The last federal election appears to have marked a turning point — when the first of the boomer wave were hitting 65.

"We noticed in 2011 that the political campaigns were taking very seriously and in a new way the importance of older voters," Michael Nicin, policy director for the 300,000-strong Canadian Association of Retired People, said Monday.

Data show that older voters tend to vote at much higher rates than the general population and their numbers are expected to rise for another 15 years. The result is a demographic that is growing in political importance.

"All the parties, some more than others, are picking up where they left off in 2011 and going hard after the older vote," Nicin said. "That's given us a lot of clout when bringing issues to politicians."

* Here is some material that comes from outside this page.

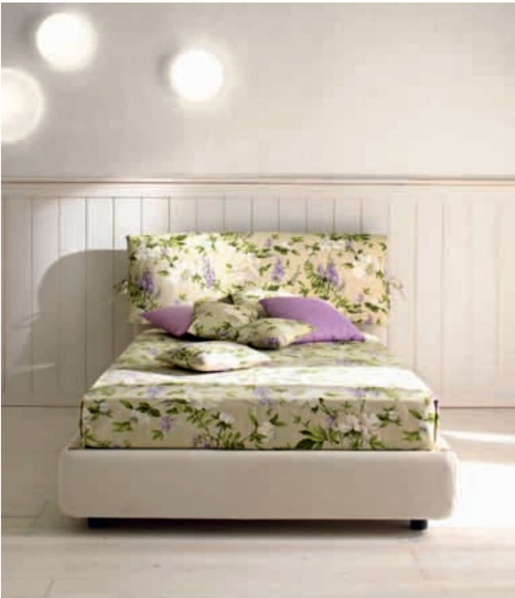
Letto 000 Letto 000

Pledges aimed squarely at seniors have come fast and furious in recent days with both the Liberals and NDP promising more money for them — either directly or through enhanced health-care services.

On Monday, for example, Liberal Leader Justin Trudeau promised the association he would enhance the Canada Pension Plan and, in a specific pledge that caught the eye of activists, provide more money for single, low-income seniors. On Sunday, the New Democrats pledged $400 million more to increase the guaranteed income supplement for the poorest seniors — about 600,000 of whom live in poverty, according to Statistics Canada figures.

The Liberals and Democrats are also promising to again allow Canadians to collect the old age security benefit at age 65. In 2012, the Conservatives committed to raising the age to 67 — a change critics argue will cost the poorest seniors about $13,000 once it takes effect.

In addition, Mulcair has pledged $1.8 billion over four years to help the provinces expand home care for seniors, create more nursing beds, and improve palliative care.

For their part, the Conservatives have so far relied mostly on senior-friendly policies they put in place in the government's pre-campaign budget.

Conservative Leader Stephen Harper has talked up his government's doubling of the amount people can contribute to their tax-free savings accounts — a measure popular with older Canadians — as well as the relaxation of rules around withdrawals from registered retirement funds.

While coming up with policies that appeal broadly to seniors might seem like a no-brainer, doing so is not as easy as it might seem, observers say, because they do not form a monolithic bloc and have a range of political views and interests.

"Some older people are still employed and earning income; many more are retired; all still pay income tax, whether their income is in the form of public and private pensions, investment income or other sources," said Tom Klassen, a professor of political science at York University.

"As a result, getting the older vote is hard work."

Harry Kitchen, a retired professor of economics at Trent University, said vote-coveting parties should refrain from throwing money at seniors as a group.

"I'm not saying some seniors should not get assistance — of course they should if they're poor, just like somebody who is 30 or 40 should if they're poor — but I don't think they should be treated differently," Kitchen said.

"If you do continue to give seniors perks, you're asking somebody else to pick up the shortfall either in the form of higher taxes or higher fees for certain services."